**Data records**:
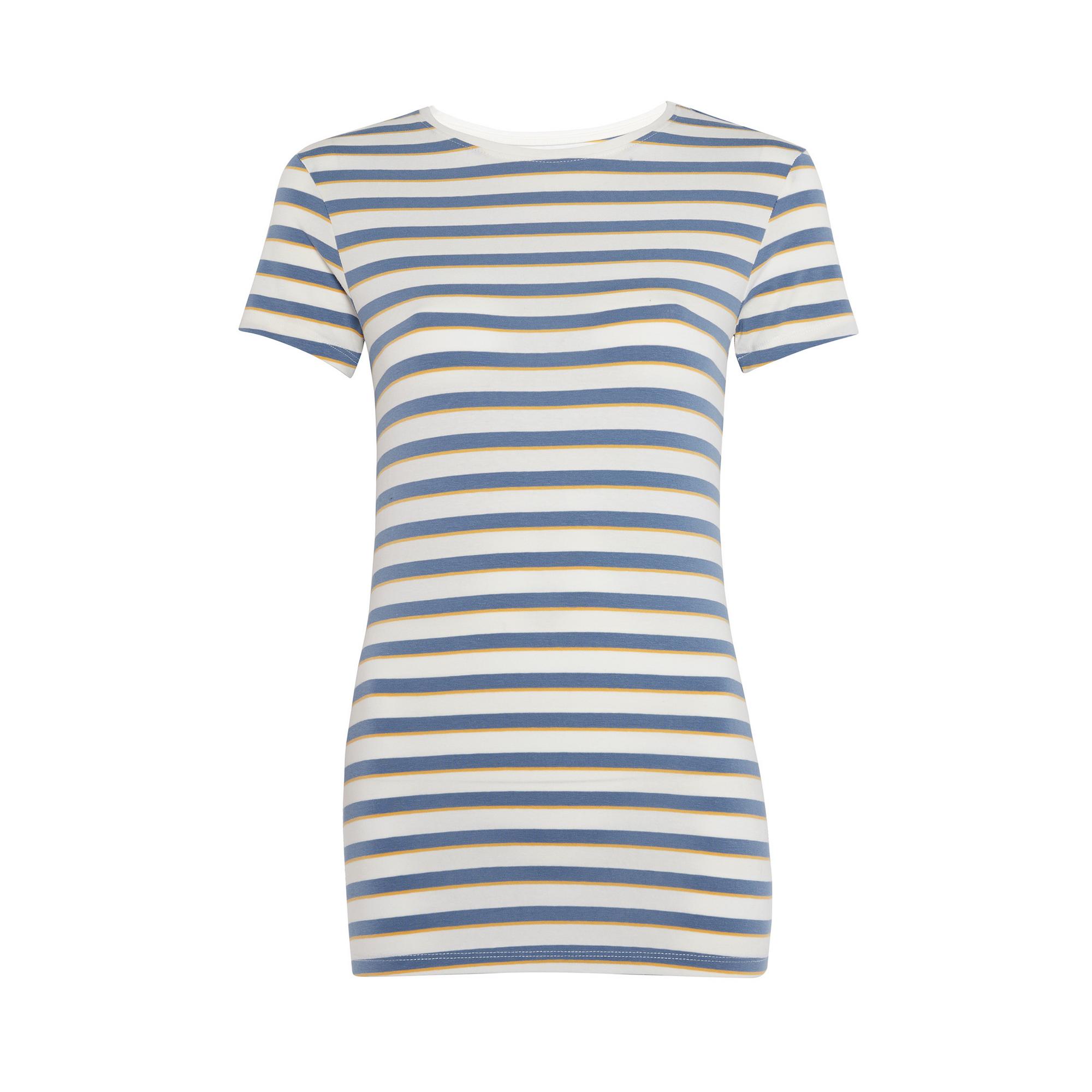 Es tan sencilla y tan bonita que se va a convertir en uno de tus básicos para este verano, y lo mejor es que tiene un precio de solo 4 euros. Se trata de una camiseta de corte clásico con manga corta y cuello caja. Con un estampado en rayas azules y blancas y unas líneas amarillas más estrechas. Perfecta para lucir un aire un poco marinero.
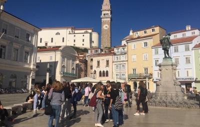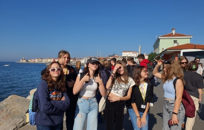 V sredo smo zapustili Brda in se odpravili proti slovenski obali. Naša prva postaja pred morjem so bil Park Škocjanske jame, kjer smo imeli voden ogled podzemnih lepotic kraškega sveta. Naše spoznavanje slovenske kulturne dediščine smo nadaljevali v Piranu. Jadranski biser smo odkrivali s pomočjo nalog, ki so nas peljale od znamenitosti do znamenitosti, pri tem pa smo posneli zanimive video razglednice.
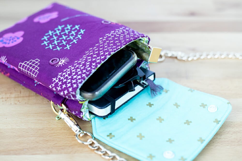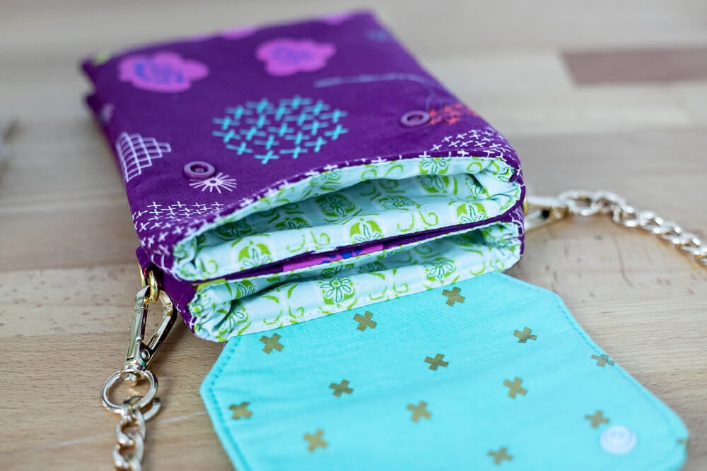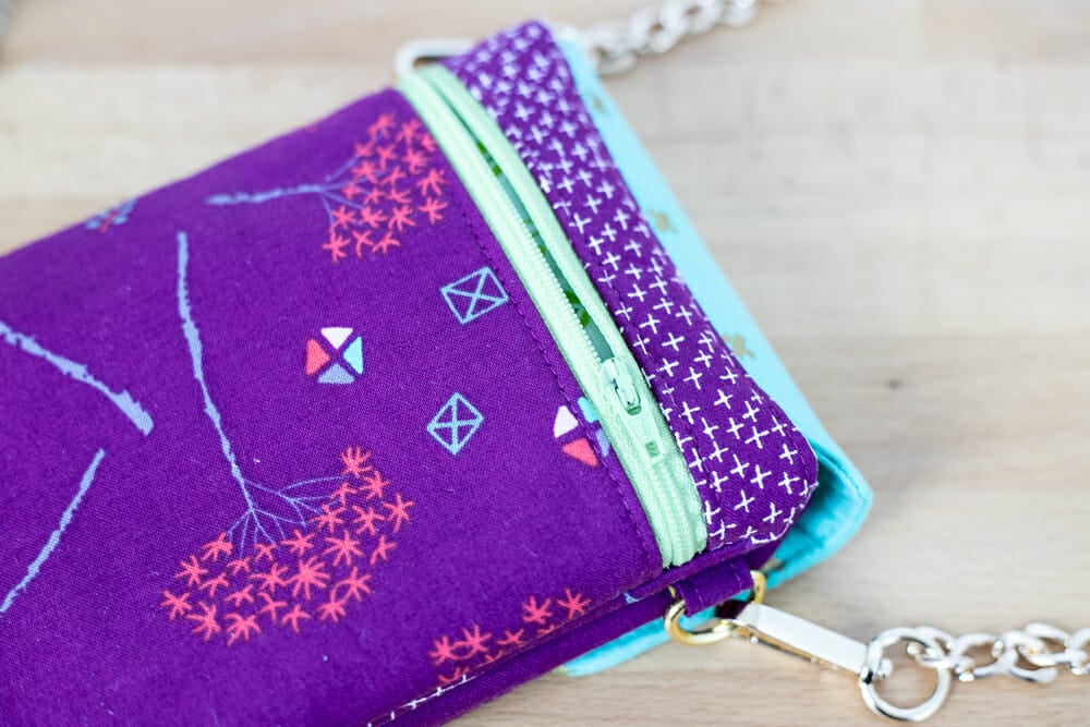 This free crossbody bag pattern includes two main pockets, a slim third pocket, plus a zipper pocket on the back! Let me show you how to sew your own strap or use a pretty one you can purchase online.
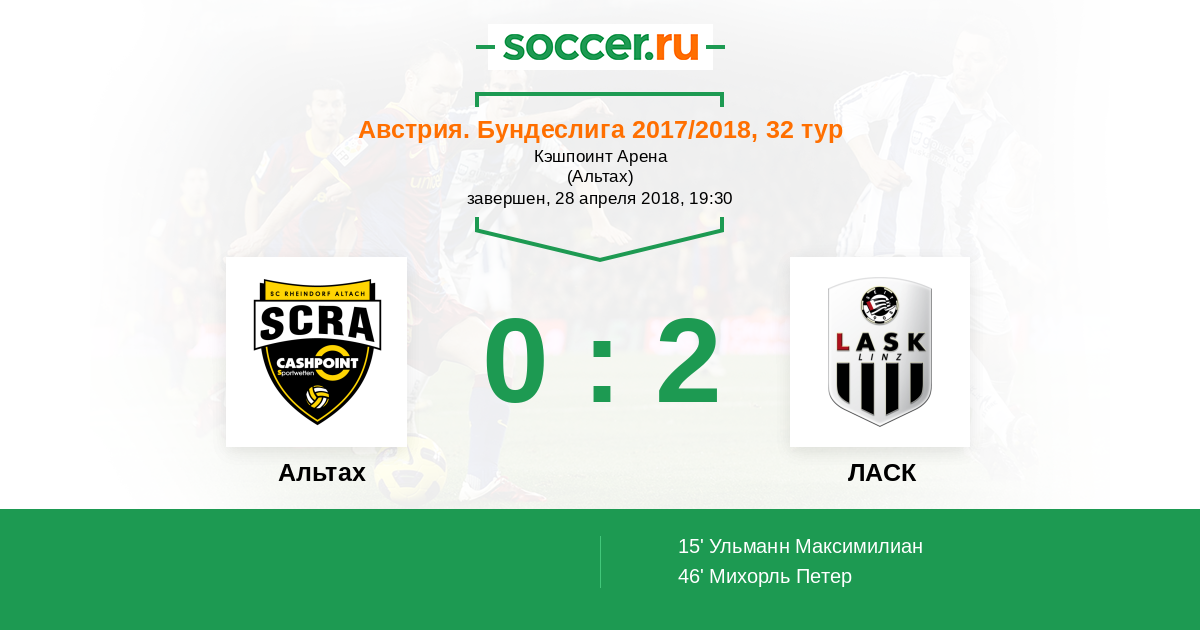 46' (0:2) Михорль Петер (8) (Ранфтль Рейнхолд (26))
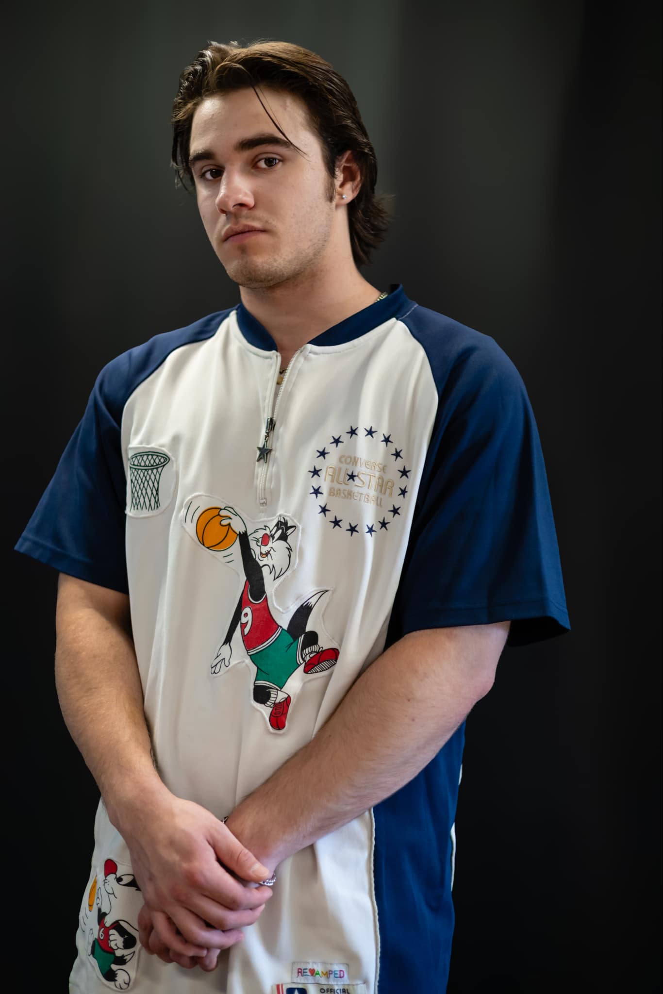Slam dunk into the 90s nostalgia with our Retro Converse T-Shirt - now with a twist that's more "looney" than ever! This ain't your average tee; it's a blast from the past with a zippered neck featuring the iconic all star pull tab zipper at the neckline.
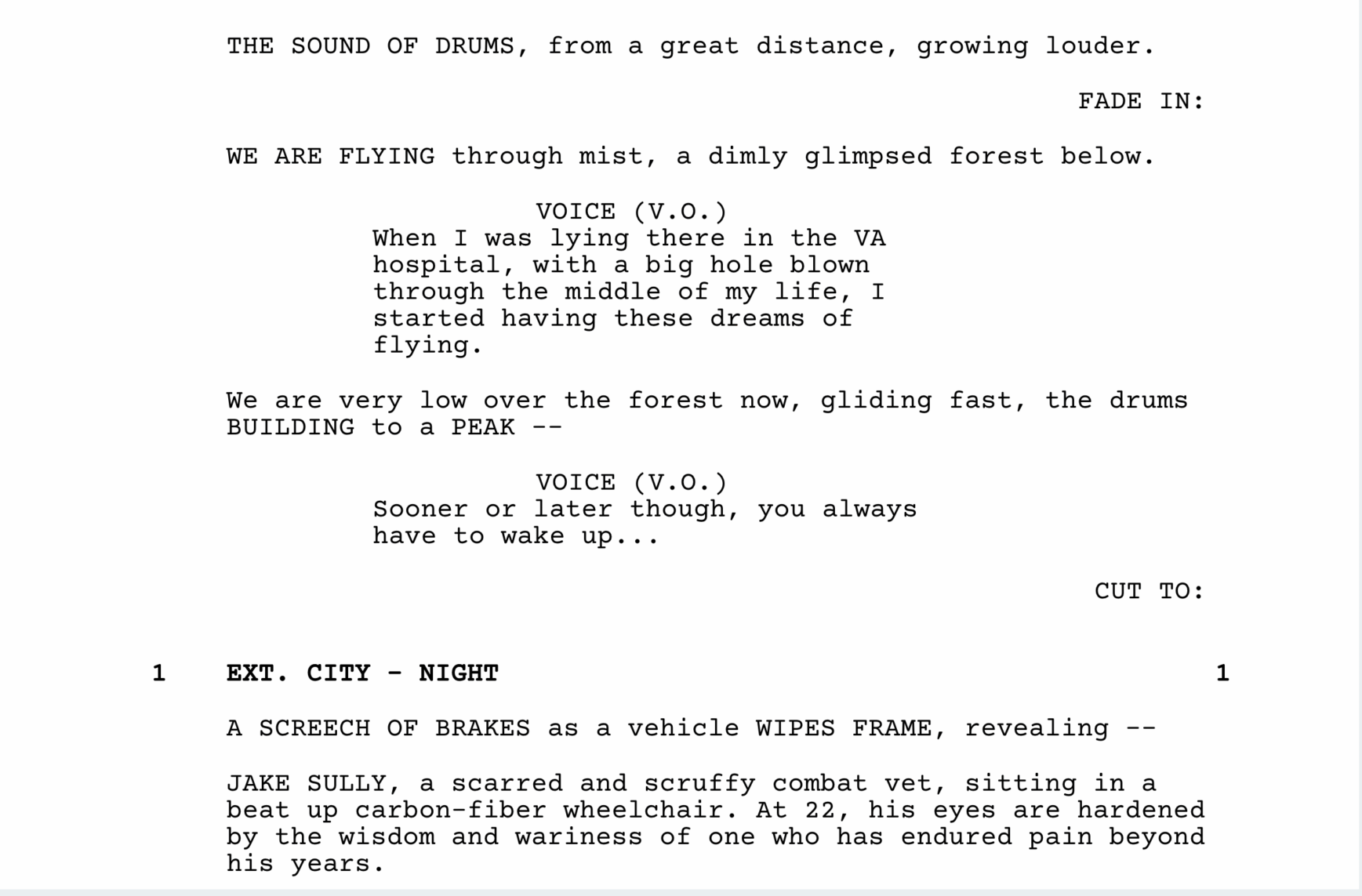 Première page du scénario d’Avatar

**Work order**:
Please copy exactly the lines from the one containing "Slam dunk into" through the last line of the records above, both included, and leave out any pictures.

**Solution to this task**:
Slam dunk into the 90s nostalgia with our Retro Converse T-Shirt - now with a twist that's more "looney" than ever! This ain't your average tee; it's a blast from the past with a zippered neck featuring the iconic all star pull tab zipper at the neckline.
 Première page du scénario d’Avatar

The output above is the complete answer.